Source records:
**********
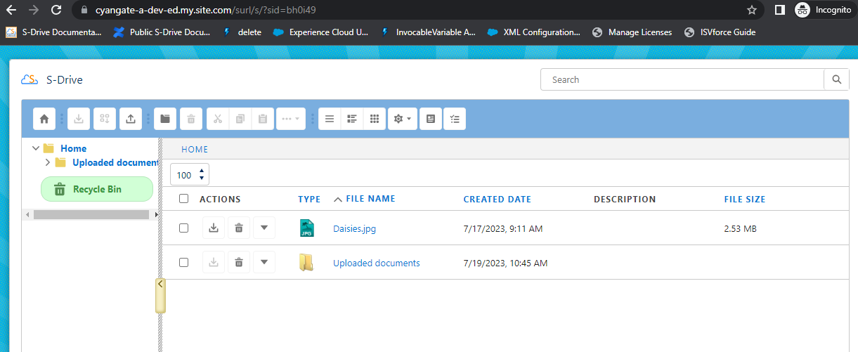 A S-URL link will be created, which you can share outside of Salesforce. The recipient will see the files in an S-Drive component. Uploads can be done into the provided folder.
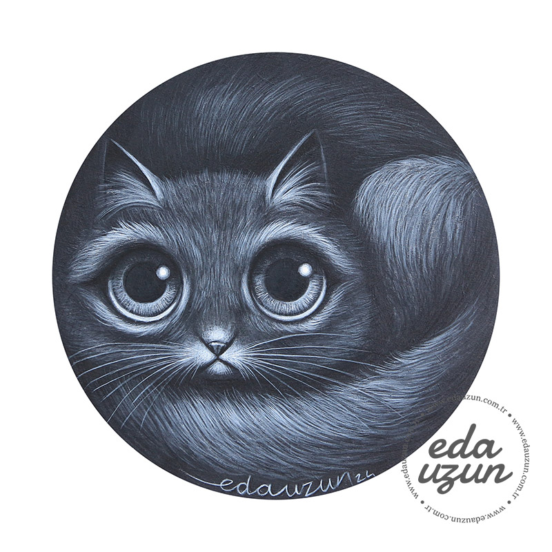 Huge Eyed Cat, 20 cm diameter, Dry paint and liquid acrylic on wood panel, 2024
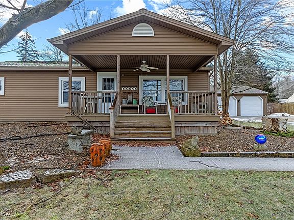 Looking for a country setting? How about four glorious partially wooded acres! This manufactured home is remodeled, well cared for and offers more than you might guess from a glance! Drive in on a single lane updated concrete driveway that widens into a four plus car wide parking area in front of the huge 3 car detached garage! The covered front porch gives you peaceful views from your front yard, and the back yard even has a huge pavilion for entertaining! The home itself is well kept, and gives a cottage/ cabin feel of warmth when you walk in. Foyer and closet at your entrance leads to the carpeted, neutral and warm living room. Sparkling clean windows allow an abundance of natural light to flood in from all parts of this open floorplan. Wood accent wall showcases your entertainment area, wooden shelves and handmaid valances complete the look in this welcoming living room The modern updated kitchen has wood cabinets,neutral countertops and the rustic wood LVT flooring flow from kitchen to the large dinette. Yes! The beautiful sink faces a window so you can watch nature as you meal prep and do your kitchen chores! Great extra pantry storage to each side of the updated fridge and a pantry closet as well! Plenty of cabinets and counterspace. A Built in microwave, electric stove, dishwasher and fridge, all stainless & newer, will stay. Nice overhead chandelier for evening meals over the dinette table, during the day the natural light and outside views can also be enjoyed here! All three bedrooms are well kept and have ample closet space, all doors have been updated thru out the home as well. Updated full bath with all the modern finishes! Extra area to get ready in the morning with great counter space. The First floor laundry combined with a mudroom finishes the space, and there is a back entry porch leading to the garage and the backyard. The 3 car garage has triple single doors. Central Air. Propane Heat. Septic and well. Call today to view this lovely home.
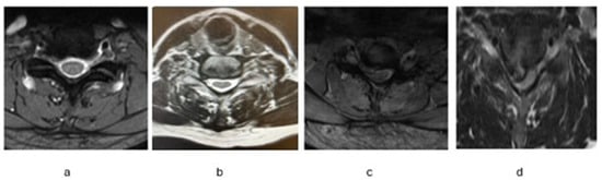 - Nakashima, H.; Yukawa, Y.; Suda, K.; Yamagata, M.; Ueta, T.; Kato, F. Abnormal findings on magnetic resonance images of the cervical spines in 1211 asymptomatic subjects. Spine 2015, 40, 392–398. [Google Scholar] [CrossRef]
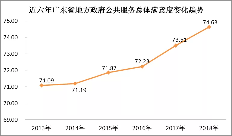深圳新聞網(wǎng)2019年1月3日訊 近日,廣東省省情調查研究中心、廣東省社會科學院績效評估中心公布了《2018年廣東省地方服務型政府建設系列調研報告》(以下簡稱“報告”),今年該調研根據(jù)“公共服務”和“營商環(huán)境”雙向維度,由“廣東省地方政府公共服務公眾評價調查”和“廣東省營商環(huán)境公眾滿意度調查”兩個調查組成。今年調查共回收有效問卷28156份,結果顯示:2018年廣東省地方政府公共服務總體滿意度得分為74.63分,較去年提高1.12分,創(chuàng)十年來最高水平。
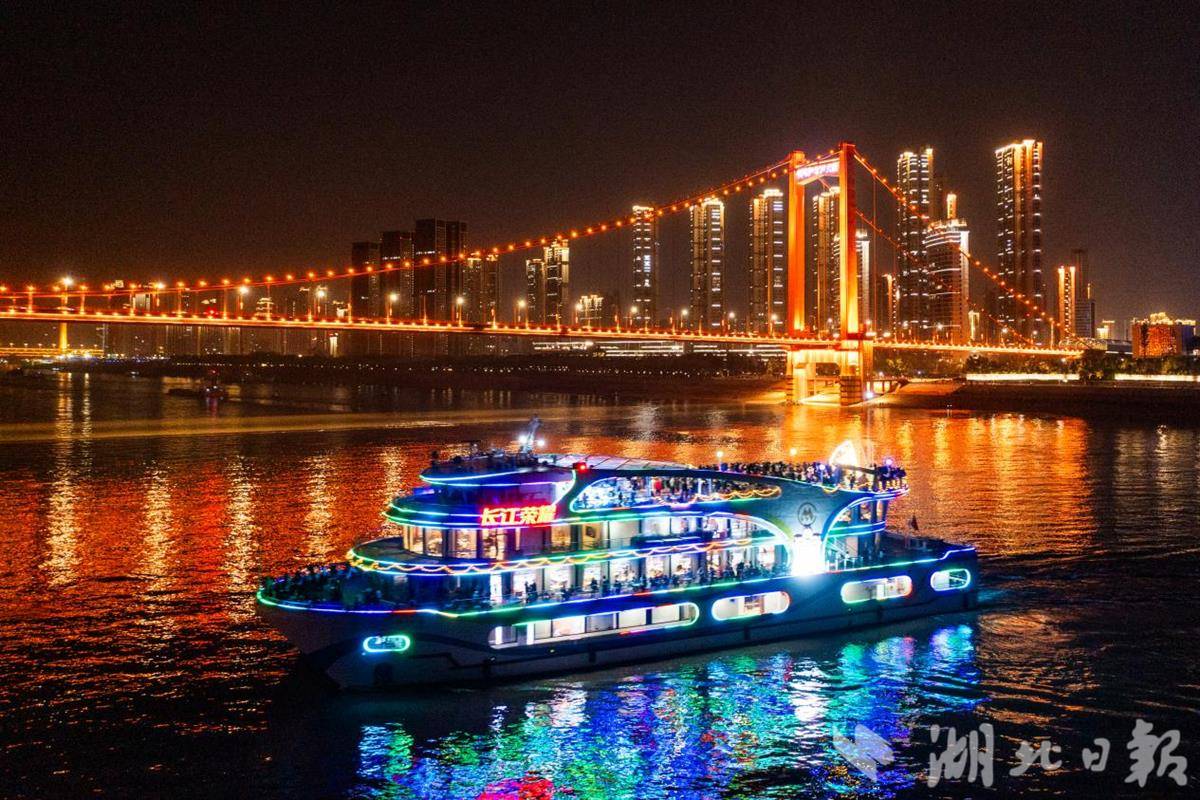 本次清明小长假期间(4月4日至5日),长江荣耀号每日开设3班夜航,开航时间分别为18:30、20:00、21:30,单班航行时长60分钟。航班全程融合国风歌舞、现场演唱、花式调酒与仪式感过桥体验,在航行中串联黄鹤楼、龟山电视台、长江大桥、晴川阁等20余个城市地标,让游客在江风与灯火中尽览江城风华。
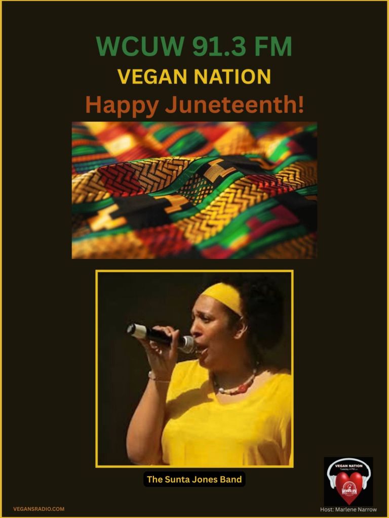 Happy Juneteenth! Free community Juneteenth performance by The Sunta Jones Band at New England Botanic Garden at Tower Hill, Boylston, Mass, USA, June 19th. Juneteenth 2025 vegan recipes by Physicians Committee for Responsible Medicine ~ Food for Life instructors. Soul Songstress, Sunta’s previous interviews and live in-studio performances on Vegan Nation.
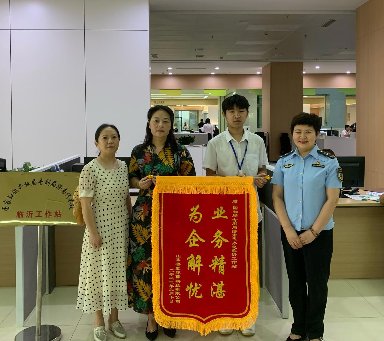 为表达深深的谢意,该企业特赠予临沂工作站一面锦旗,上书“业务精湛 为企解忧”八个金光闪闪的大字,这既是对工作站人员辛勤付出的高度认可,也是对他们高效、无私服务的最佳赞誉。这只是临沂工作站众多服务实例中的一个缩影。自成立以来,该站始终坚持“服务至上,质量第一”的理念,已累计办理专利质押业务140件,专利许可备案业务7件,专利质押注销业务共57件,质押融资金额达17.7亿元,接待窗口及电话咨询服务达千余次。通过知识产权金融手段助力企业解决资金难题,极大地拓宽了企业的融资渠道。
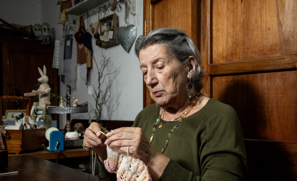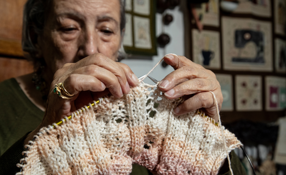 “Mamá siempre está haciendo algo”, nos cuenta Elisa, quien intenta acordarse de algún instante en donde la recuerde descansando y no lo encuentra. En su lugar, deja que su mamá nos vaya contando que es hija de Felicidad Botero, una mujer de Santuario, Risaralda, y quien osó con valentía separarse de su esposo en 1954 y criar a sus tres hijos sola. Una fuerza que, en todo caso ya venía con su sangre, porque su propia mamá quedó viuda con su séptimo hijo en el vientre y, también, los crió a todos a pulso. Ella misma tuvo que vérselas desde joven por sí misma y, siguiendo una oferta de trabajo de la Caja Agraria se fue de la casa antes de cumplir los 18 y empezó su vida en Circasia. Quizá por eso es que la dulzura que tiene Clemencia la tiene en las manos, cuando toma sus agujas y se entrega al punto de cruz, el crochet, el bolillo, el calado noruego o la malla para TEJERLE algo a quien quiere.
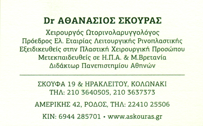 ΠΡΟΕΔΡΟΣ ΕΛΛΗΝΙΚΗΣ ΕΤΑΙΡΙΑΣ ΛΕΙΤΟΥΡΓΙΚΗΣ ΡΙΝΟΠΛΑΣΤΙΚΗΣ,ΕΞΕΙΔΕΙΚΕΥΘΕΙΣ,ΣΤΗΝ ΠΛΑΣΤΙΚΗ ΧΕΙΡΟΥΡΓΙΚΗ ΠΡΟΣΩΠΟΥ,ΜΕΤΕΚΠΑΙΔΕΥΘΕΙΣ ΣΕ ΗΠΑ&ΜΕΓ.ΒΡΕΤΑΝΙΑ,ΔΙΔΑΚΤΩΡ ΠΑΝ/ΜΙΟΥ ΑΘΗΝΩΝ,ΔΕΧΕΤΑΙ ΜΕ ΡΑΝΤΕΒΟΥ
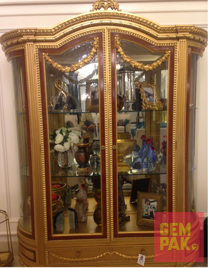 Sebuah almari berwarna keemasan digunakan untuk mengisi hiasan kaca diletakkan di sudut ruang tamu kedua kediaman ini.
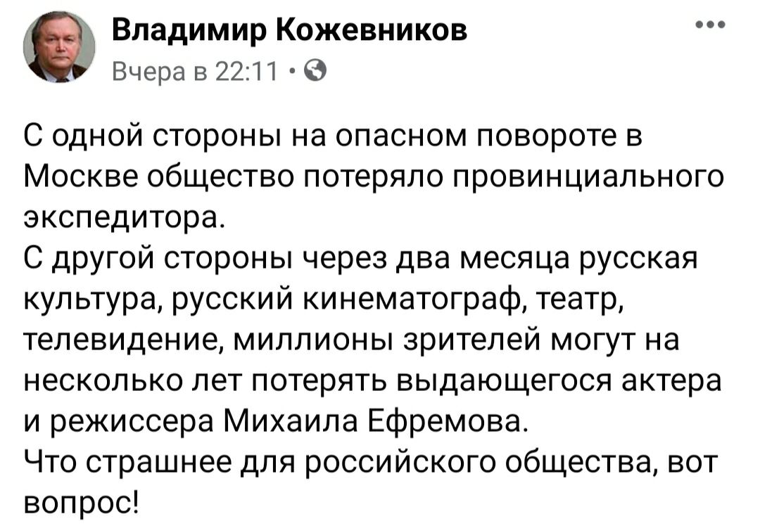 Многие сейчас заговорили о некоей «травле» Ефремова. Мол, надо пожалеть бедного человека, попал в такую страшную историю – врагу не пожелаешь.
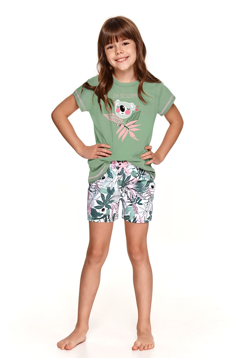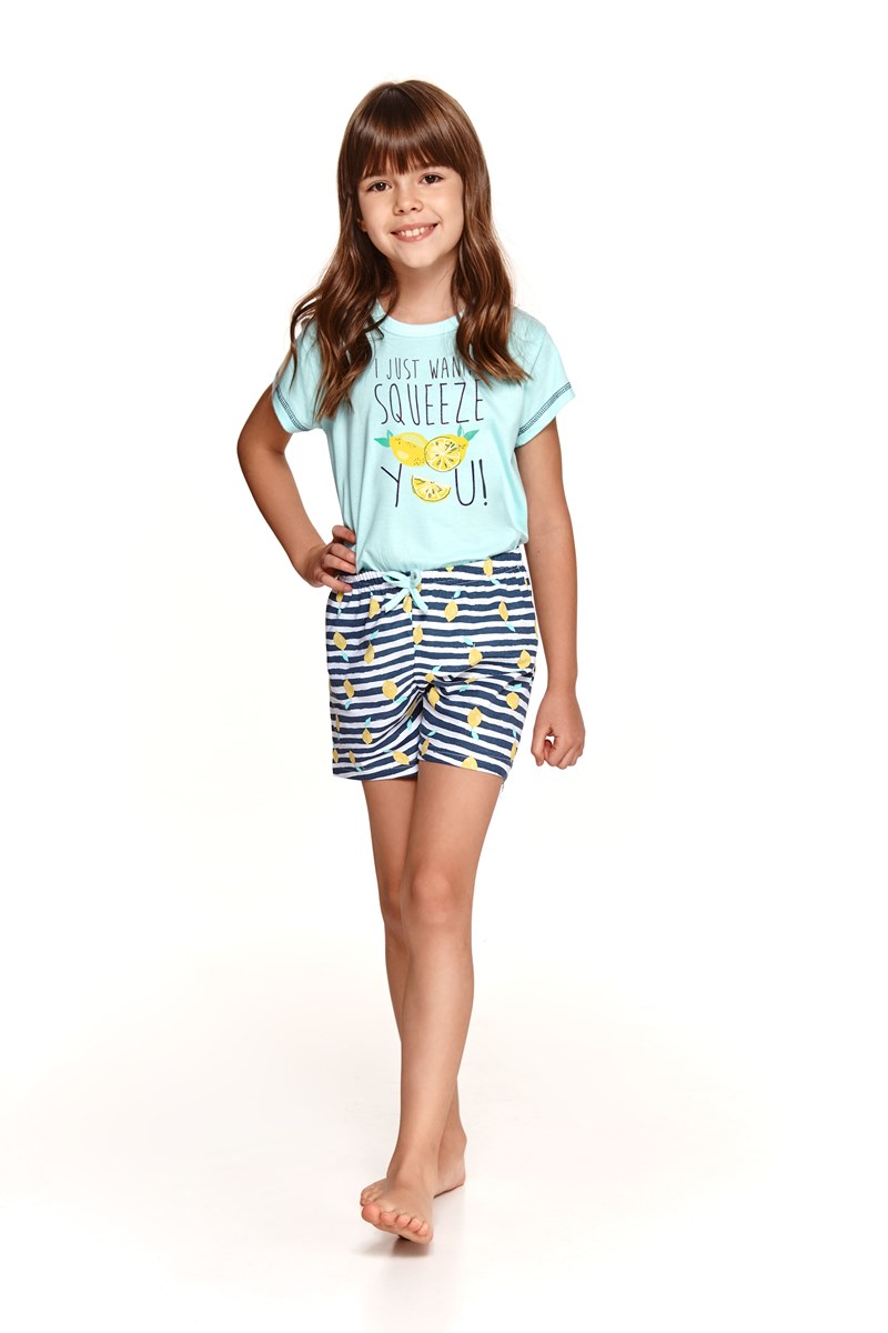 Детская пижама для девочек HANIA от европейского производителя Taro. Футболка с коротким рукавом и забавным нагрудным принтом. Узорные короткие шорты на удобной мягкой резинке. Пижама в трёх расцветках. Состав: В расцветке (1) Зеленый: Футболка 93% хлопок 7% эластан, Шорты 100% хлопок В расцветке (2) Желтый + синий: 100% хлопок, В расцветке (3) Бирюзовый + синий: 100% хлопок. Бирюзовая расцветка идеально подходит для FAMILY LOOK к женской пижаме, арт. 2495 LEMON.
**********
## EXERCISE INSTRUCTIONS
The exact lines from the beginning of the data through the one that contains "Huge Eyed Cat, 20" must be given again, both ends included, and pictures must be left out.

## EXPECTED ANSWER
 A S-URL link will be created, which you can share outside of Salesforce. The recipient will see the files in an S-Drive component. Uploads can be done into the provided folder.
 Huge Eyed Cat, 20 cm diameter, Dry paint and liquid acrylic on wood panel, 2024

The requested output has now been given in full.